On the night of July 6, revolutionary and former political prisoner Dr. Mutulu Shakur succumbed at age of 72. His name will permanently carve a niche amongst Black American activists, and will be written in letters of gold.
After languishing for 37 years in prison following the merciless suppression of the Black liberation movement of the 1960s and 70s, he was only freed in December 2022 on basis of doctors diagnosing his terminal bone cancer.Shakur had been living with multiple myeloma, a blood cancer that can damage the bones and kidneys.
Mutulu Shakur was born Jeral Wayne Williams on August 8, 1950, in Baltimore, Maryland. He was brought up in Jamaica, Queens, by his mother, who was blind. Shakur’s political baptism sprung as he helped his mother detect the unjust social service system. At age 16, he joined the New Afrikan Independence Movement, and, in the late 1960s, he worked with the Revolutionary Action Movement (RAM), a Black Nationalist group that championed Black self-determination and socialist change nationwide. (From Maddison Bloom in Pitchfork)

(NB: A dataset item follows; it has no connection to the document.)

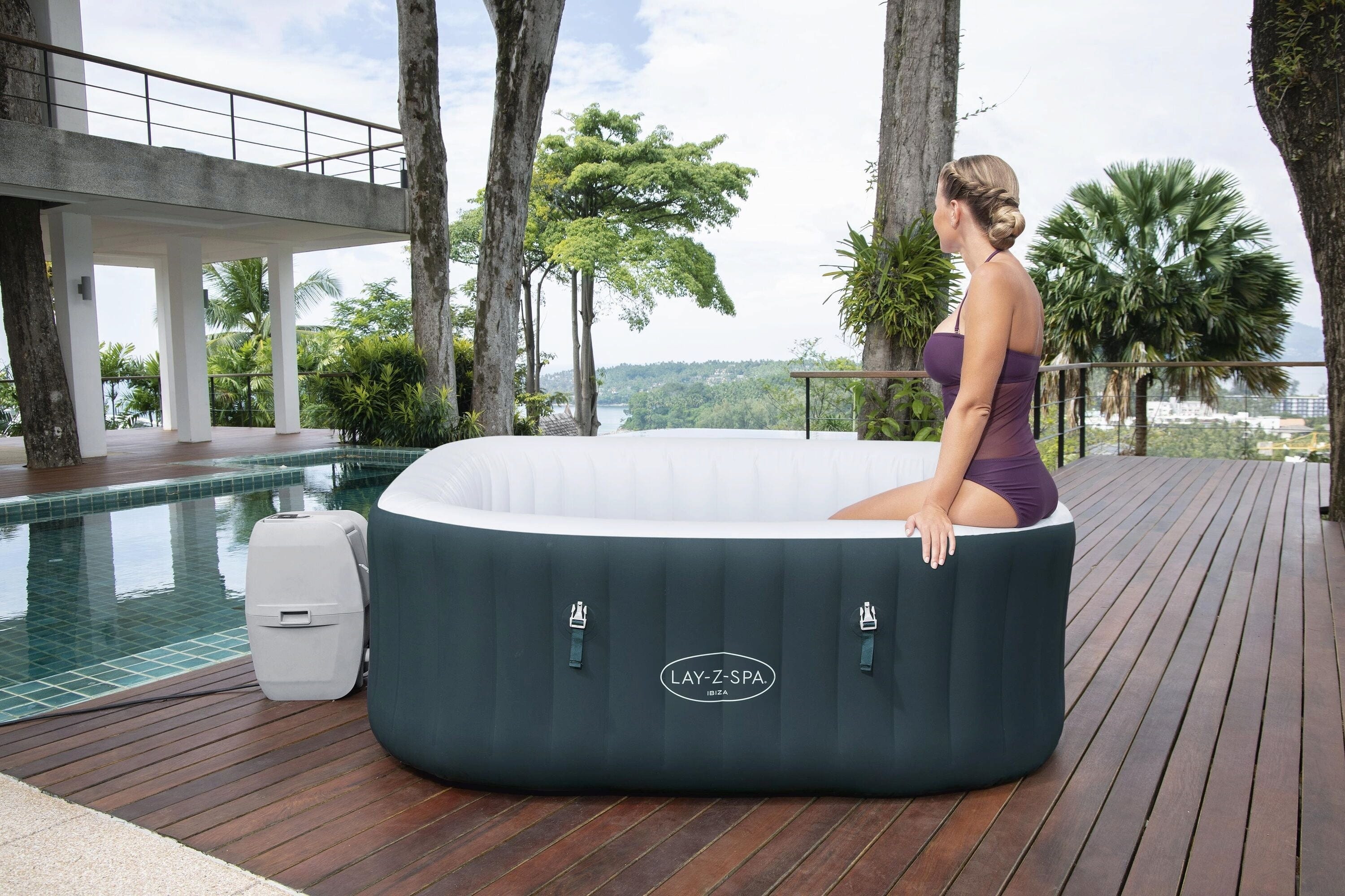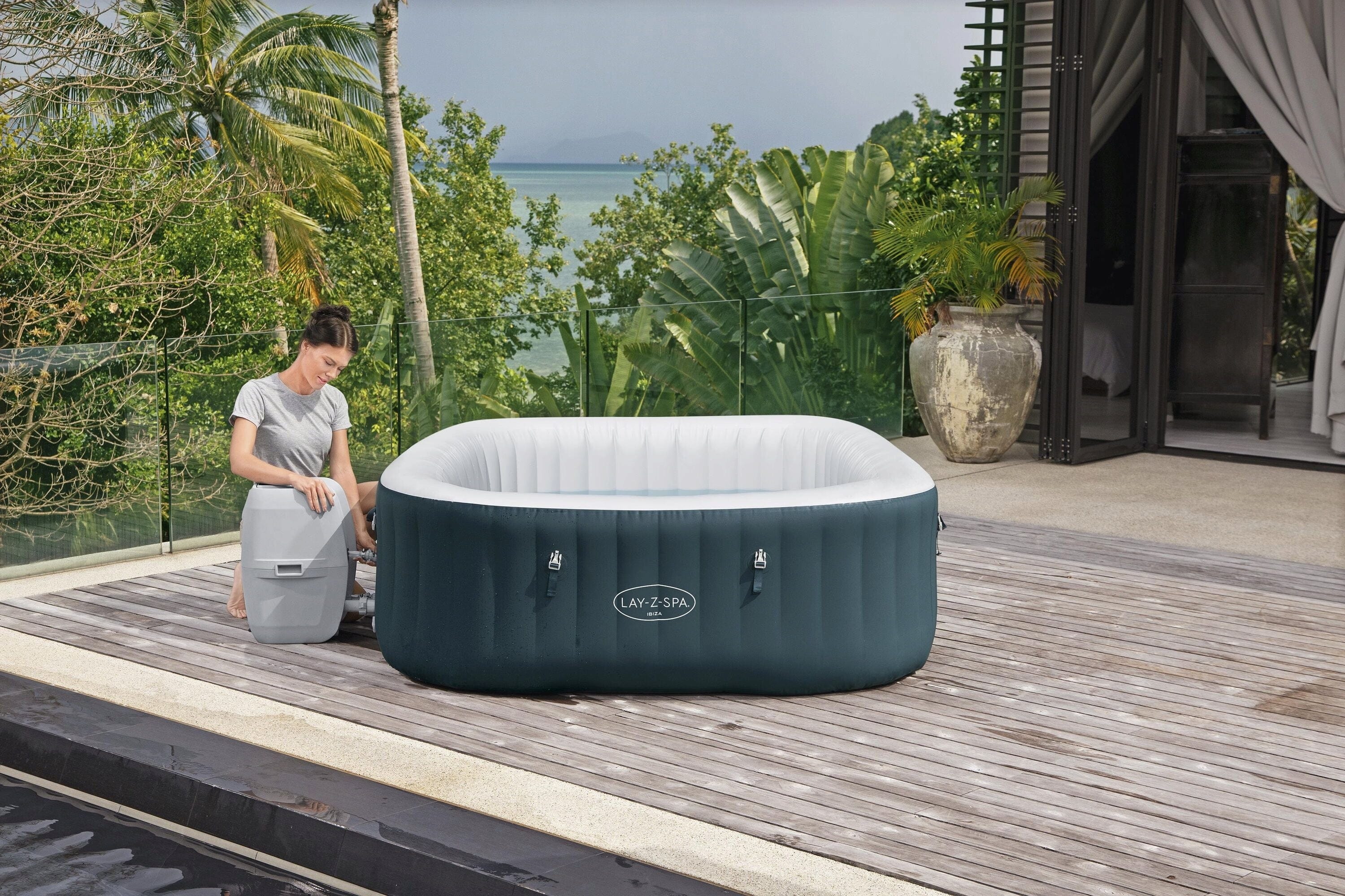 Pohodlne sa ovláda pomocou výklopného digitálneho ovládacieho panela, pomocou ktorého si dokonca môžete naplánovať časový limit pre kúpeľ až na 40 dní dopredu vďaka energeticky úspornému časovaču. Na Ibiza AirJet sa môžete spoľahnúť aj počas chladných dní: integrovaný Freeze Shield zabraňuje zamrznutiu technológie automatickým ohrevom vody od teploty 6 °C a viac. Bezpečnosť zaisťuje uzemňovacia kontrola, prúdový chránič a detská poistka na clip-uzáveroch. Vďaka multifunkčnej jednotke čerpadla, ktorá slúži aj ako odkladacia plocha a držiak na poháre, ju možno nastaviť v priebehu chvíľky bez použitia náradia.
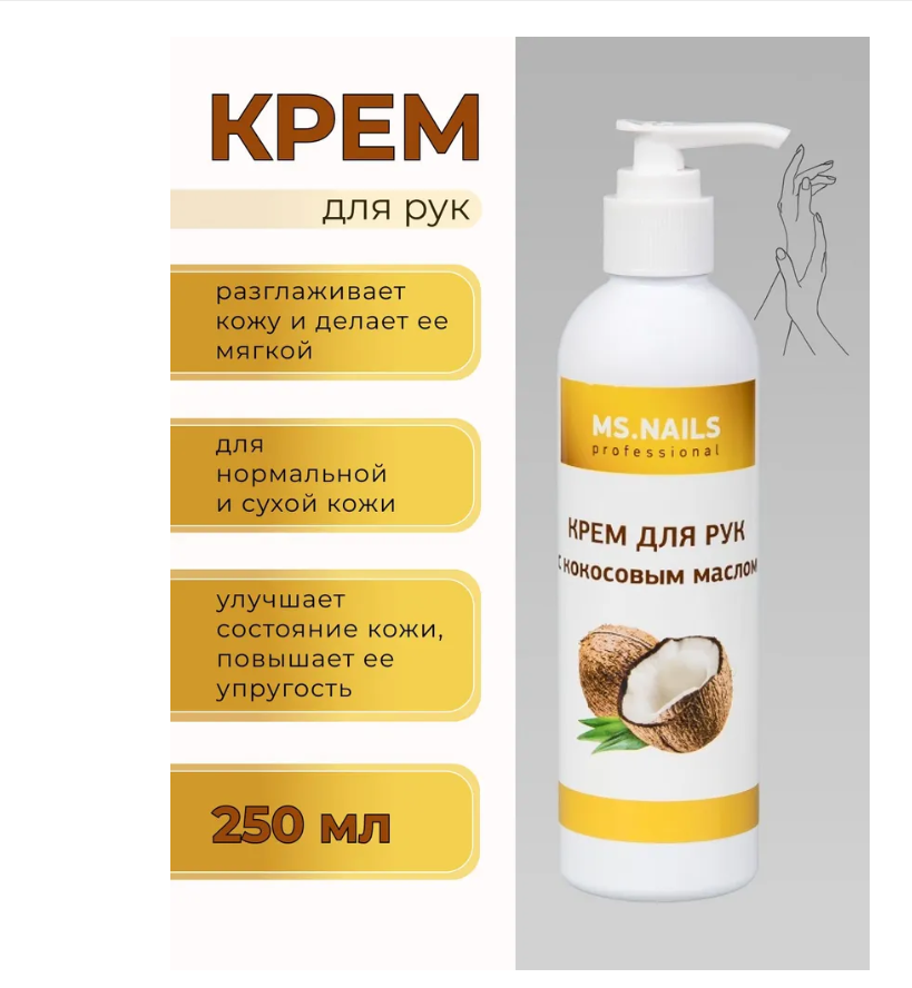 Крем для рук с кокосовым маслом MS NAILS, 250 мл

Even if on differs with his politics, any revolutionary democrat would cherish the exemplary contribution of Mutula Shakur,towards Black Liberation .He was an architect in constructing decolonisation programmes to liberate people from the clutches of Black liberation. His lifelong work manifested the very soul of the oppressed Black people. Even in the hardest junctures, he propelled the downtrodden or victimised people. His role in constructing radical alternative medical institutions was landmark contribution. He forged an irreconcilable link between education and liberation.At every point he added the meat to the bones of the Black resistance movement.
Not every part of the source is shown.